Count Sander Cornelis Schimmelpenninck (born June 26, 1984) is a Dutch nobleman, opinion writer & -commentator, and television presenter. From 2016 to September 2020, he was the editor-in-chief of the magazine Quote. Since September 2019, he has been a columnist for the newspaper de Volkskrant. Along with his college friend Jaap Reesema and Titus van Dijk, he co-founded the production company Tonny Media, which produces podcasts including the Zelfspodcast.

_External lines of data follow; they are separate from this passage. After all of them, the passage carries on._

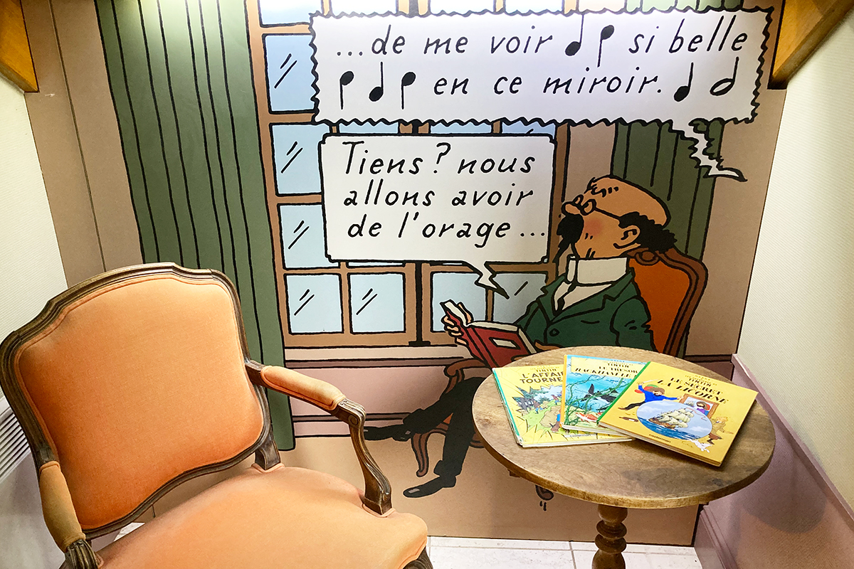 Une exposition interactive « les secrets de Moulinsart » est accessible pour plonger les visiteurs dans l’univers des personnages des aventures de Tintin. C’est magnifique et très imersif, pour les petits et les grands !
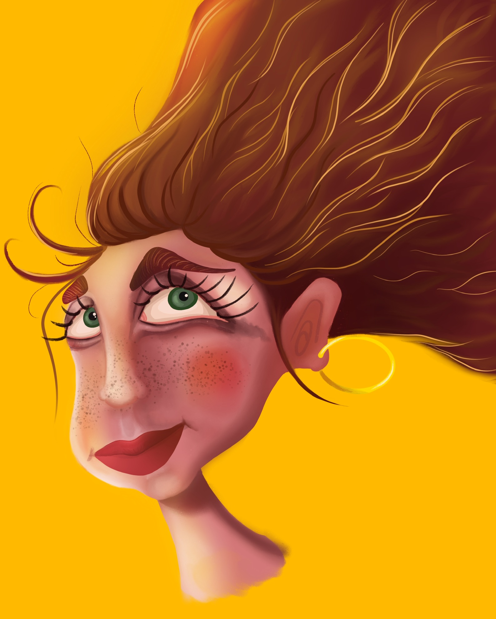Рыжая мечтательная девушка, в стиле мульт персонаж, развивающиеся волосы, зелёные глаза, веснушки.
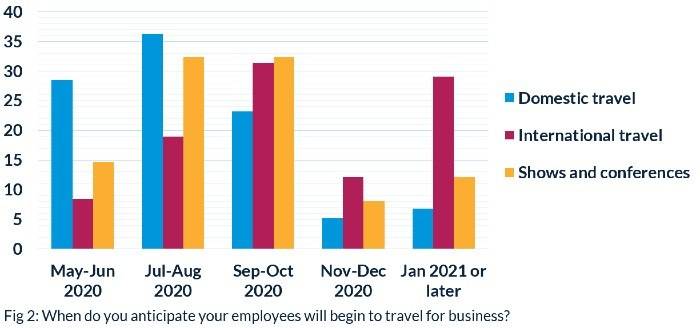 International travel is expected to start even more slowly, according to the survey. Just 9% of organizations anticipate international travel starting again before the end of June, with barely a quarter (27%) expecting employees to take overseas trips before the end of August. While this number grows significantly to 58% by the end of October, 29% of companies will not be planning overseas travel before 2021.
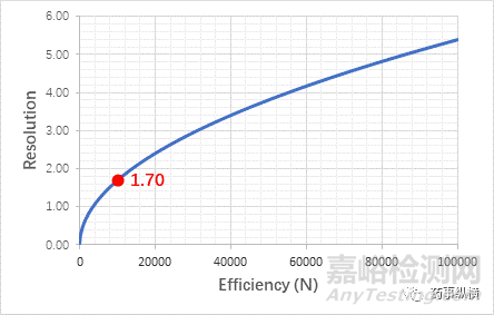 圖2:分離度Rs與塔板數(shù)N之間的關(guān)系
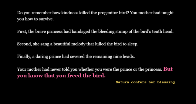 I see my characters as tools, and not purely extensions of my ego. That doesn’t mean that they’re objective or bias-free (Mulan is a passive-aggressive complainer). It just means that they’re props that I use to create the narrative. The character of Hua Mulan is not a person, the player is a person. As a designer, I know that I have trapped my player into terrible situations. That’s why I always use the game’s narrative voice to comfort, rather than condemn their choices. I was the one who wrote those choices!

== Early life and education ==
Schimmelpenninck was born into the noble branch of the Schimmelpenninck family with being the son of the former steward of Twickel Castle, Count Albert Hieronymus Schimmelpenninck, and radiologist Marie Liesbeth Henriëtte Helène Scheiffers. He grew up in Diepenheim and attended first his secondary education at the Bataafs Lyceum in Hengelo, but then went to the Staring College in Lochem in 1996, where he completed his gymnasium education in 2003. Subsequently, he studied at the same time at Leiden University and Erasmus University Rotterdam, where he respectively obtained a BA in Italian language and culture in 2006 and an LL.B degree in Business Law in 2008. He then went to the Bocconi University in Milan where he received an LL.M in Business Law in 2009.

== Career ==
After finishing his studies Schimmelpenninck worked for three years as a trainee lawyer at the Houthoff Buruma law firm on the Zuidas in Amsterdam. He then started a pizza restaurant called Pink Flamingo in Amsterdam with his college friend Jaap Reesema.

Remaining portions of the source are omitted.